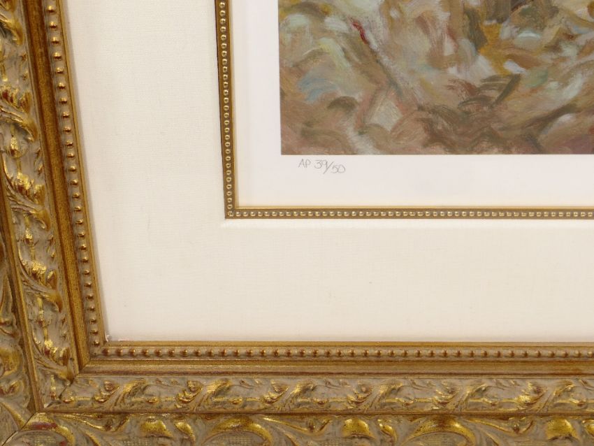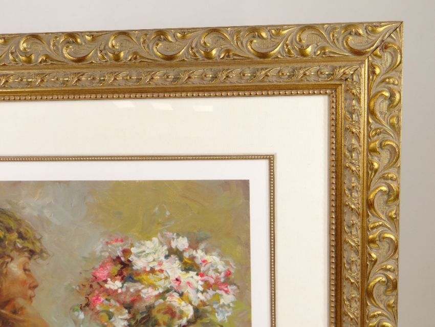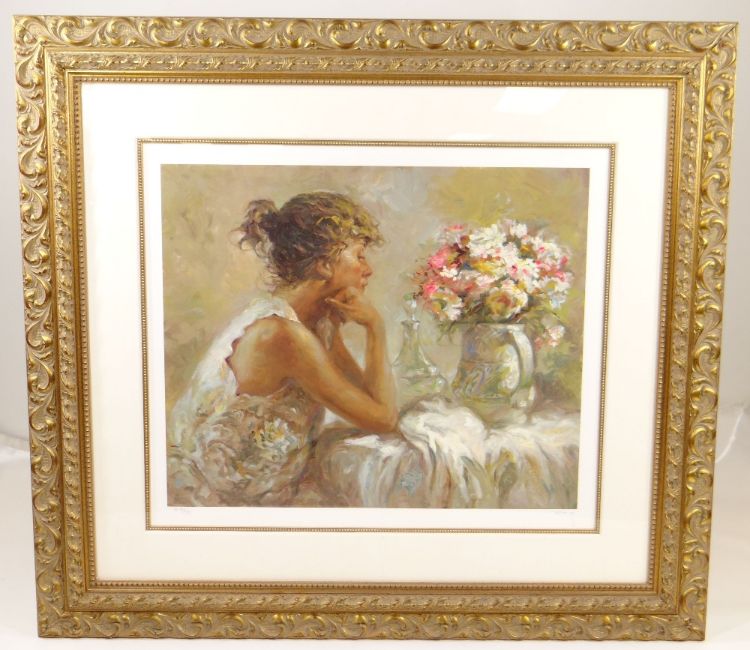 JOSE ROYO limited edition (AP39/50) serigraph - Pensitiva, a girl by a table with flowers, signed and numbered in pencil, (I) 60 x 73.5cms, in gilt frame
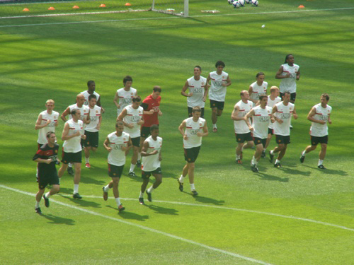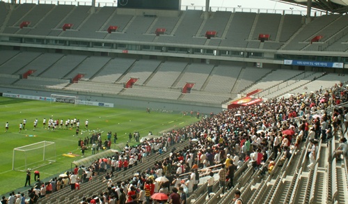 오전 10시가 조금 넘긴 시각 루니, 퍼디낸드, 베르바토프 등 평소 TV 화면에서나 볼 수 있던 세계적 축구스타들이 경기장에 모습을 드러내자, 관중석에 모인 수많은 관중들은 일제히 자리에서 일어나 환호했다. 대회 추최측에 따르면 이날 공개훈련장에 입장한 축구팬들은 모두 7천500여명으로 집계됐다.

· · · · · · ·

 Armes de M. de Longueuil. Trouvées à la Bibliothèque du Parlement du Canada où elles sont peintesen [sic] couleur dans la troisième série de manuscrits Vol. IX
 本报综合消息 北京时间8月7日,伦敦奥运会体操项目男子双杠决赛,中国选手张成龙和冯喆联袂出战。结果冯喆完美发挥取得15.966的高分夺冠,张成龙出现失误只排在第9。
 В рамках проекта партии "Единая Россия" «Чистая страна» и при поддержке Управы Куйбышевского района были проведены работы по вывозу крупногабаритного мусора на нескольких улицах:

· · · · · · ·

■ WHAT THE EXERCISE ASKS
Reproduce, exactly as they stand in the data above, the lines from the one that holds "本报综合消息 北京时间8月7" to the one that holds "В рамках проекта", inclusive.

■ PROBLEM SOLUTION
 本报综合消息 北京时间8月7日,伦敦奥运会体操项目男子双杠决赛,中国选手张成龙和冯喆联袂出战。结果冯喆完美发挥取得15.966的高分夺冠,张成龙出现失误只排在第9。
 В рамках проекта партии "Единая Россия" «Чистая страна» и при поддержке Управы Куйбышевского района были проведены работы по вывозу крупногабаритного мусора на нескольких улицах:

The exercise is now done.